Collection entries
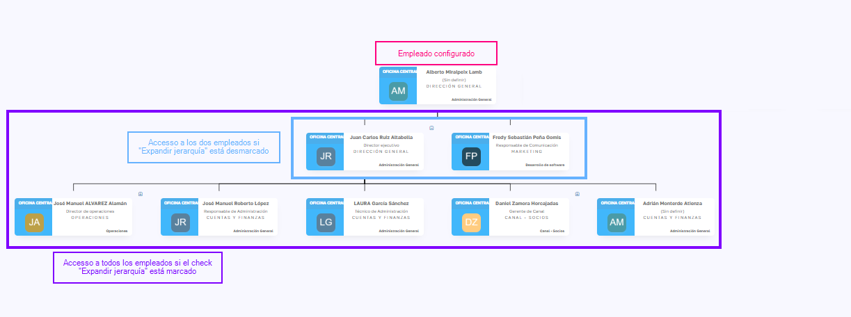Una vez configuradas las reglas de acceso, el sistema determina a qué empleados puede acceder cada usuario de la aplicación. Este acceso se basa en dos elementos:
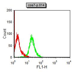 Flow cytometric analysis of COS7 cells using NQO1 mouse mAb (green) and negative control (red).
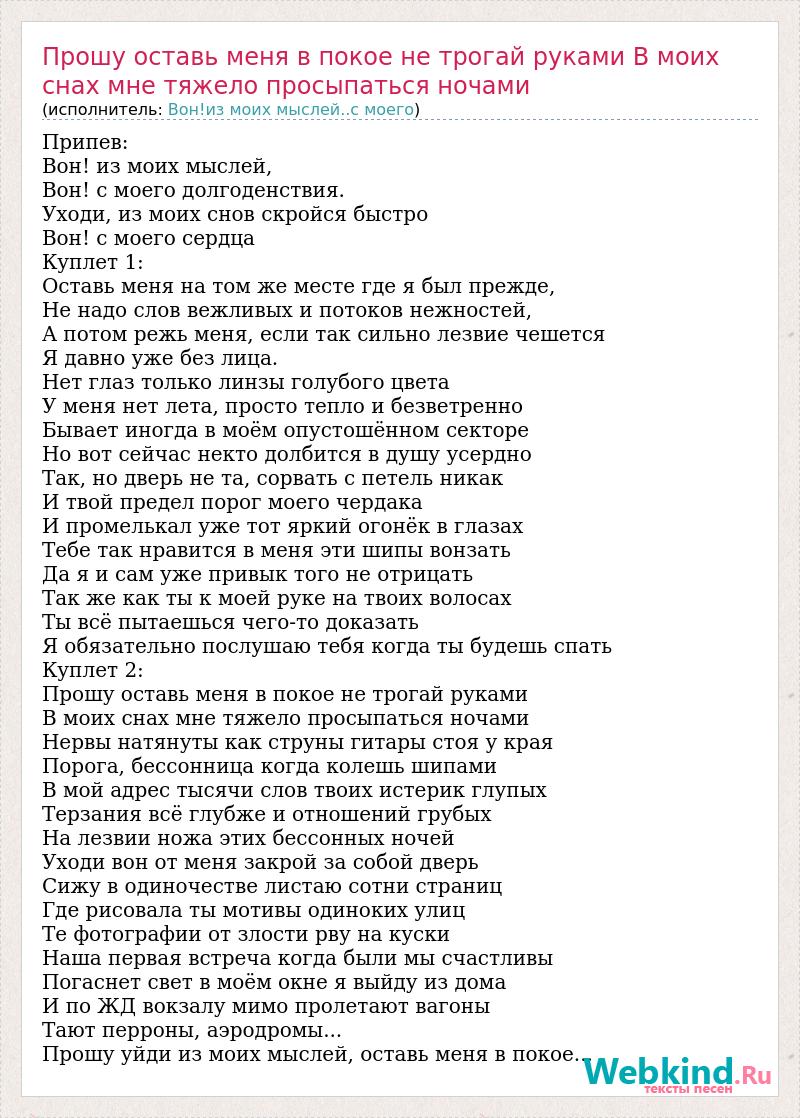 Главная→Исполнители→Вон!из моих мыслей..с моего→Прошу оставь меня в покое не трогай руками В моих снах мне тяжело просыпаться
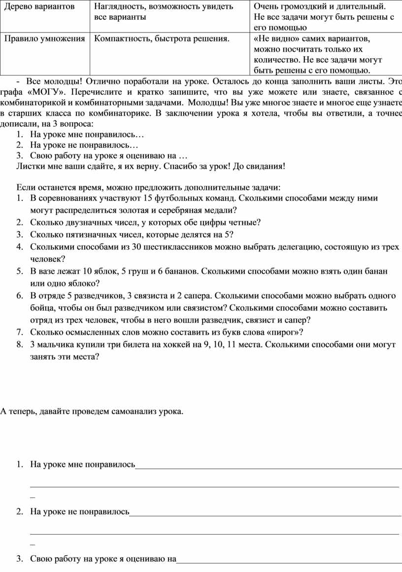 - Все молодцы! Отлично поработали на уроке. Осталось до конца заполнить ваши листы. Это графа «МОГУ». Перечислите и кратко запишите, что вы уже можете или знаете, связанное с комбинаторикой и комбинаторными задачами. Молодцы! Вы уже многое знаете и многое еще узнаете в старших класса по комбинаторике. В заключении урока я хотела, чтобы вы ответили, а точнее дописали, на 3 вопроса:
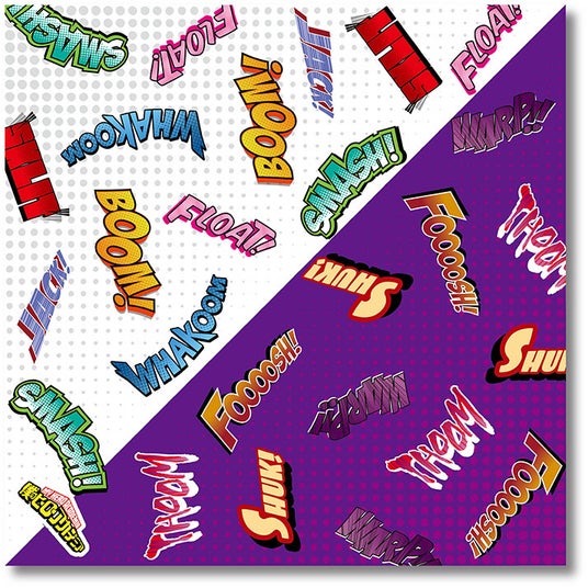 ヒーローや敵<ヴィラン>のオノマトペが入った、おせち限定デザイン。ツートーンカラーなので包み方次第でアレンジも楽しめます。

# ASSIGNED TASK
Please transcribe exactly the lines from the one containing "Главная→Исполнители→Вон!из моих мыслей..с" through the last line of the records above, both included, and leave out every picture.

# RESULT OF THIS TASK
 Главная→Исполнители→Вон!из моих мыслей..с моего→Прошу оставь меня в покое не трогай руками В моих снах мне тяжело просыпаться
 - Все молодцы! Отлично поработали на уроке. Осталось до конца заполнить ваши листы. Это графа «МОГУ». Перечислите и кратко запишите, что вы уже можете или знаете, связанное с комбинаторикой и комбинаторными задачами. Молодцы! Вы уже многое знаете и многое еще узнаете в старших класса по комбинаторике. В заключении урока я хотела, чтобы вы ответили, а точнее дописали, на 3 вопроса:
 ヒーローや敵<ヴィラン>のオノマトペが入った、おせち限定デザイン。ツートーンカラーなので包み方次第でアレンジも楽しめます。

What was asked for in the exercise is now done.